** Opening Stored data block **

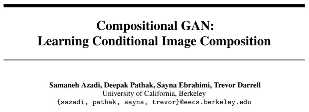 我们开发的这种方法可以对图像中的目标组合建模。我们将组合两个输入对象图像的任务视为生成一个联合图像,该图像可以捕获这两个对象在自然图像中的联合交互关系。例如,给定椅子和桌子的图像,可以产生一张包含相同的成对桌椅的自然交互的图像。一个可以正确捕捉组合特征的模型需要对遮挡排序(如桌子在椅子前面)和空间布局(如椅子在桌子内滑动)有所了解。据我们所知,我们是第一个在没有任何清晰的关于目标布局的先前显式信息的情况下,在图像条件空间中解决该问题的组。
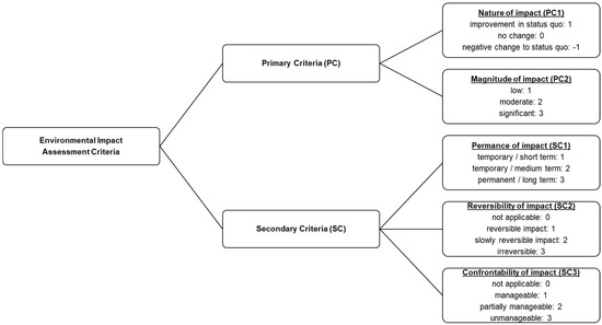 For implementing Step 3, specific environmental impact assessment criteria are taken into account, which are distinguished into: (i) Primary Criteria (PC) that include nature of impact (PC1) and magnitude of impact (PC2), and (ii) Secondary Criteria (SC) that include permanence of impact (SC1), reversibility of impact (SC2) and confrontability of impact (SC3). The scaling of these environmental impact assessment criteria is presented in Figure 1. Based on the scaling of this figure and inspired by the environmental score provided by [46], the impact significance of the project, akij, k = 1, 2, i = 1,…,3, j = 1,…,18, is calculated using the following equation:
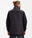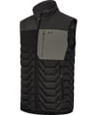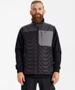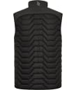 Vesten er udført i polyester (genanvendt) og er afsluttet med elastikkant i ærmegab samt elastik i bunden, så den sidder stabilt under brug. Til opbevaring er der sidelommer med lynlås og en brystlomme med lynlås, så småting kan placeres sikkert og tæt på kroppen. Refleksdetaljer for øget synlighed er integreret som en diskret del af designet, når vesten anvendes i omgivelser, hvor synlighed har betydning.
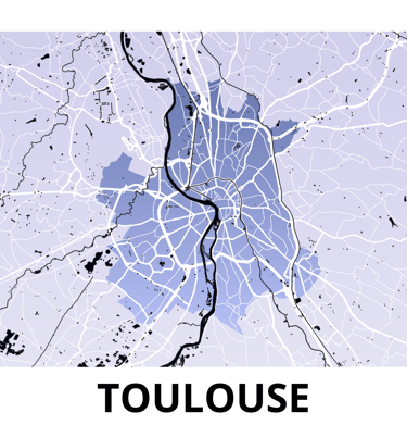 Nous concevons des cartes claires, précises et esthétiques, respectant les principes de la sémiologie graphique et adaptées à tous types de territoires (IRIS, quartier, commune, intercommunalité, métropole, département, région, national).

** Closing Stored data block **

◆ Aim of the task: No pictures belong in the copy. Return exactly the lines from the line containing "Vesten er udført" through the last line of the listing.

◆ Written reply:
 Vesten er udført i polyester (genanvendt) og er afsluttet med elastikkant i ærmegab samt elastik i bunden, så den sidder stabilt under brug. Til opbevaring er der sidelommer med lynlås og en brystlomme med lynlås, så småting kan placeres sikkert og tæt på kroppen. Refleksdetaljer for øget synlighed er integreret som en diskret del af designet, når vesten anvendes i omgivelser, hvor synlighed har betydning.
 Nous concevons des cartes claires, précises et esthétiques, respectant les principes de la sémiologie graphique et adaptées à tous types de territoires (IRIS, quartier, commune, intercommunalité, métropole, département, région, national).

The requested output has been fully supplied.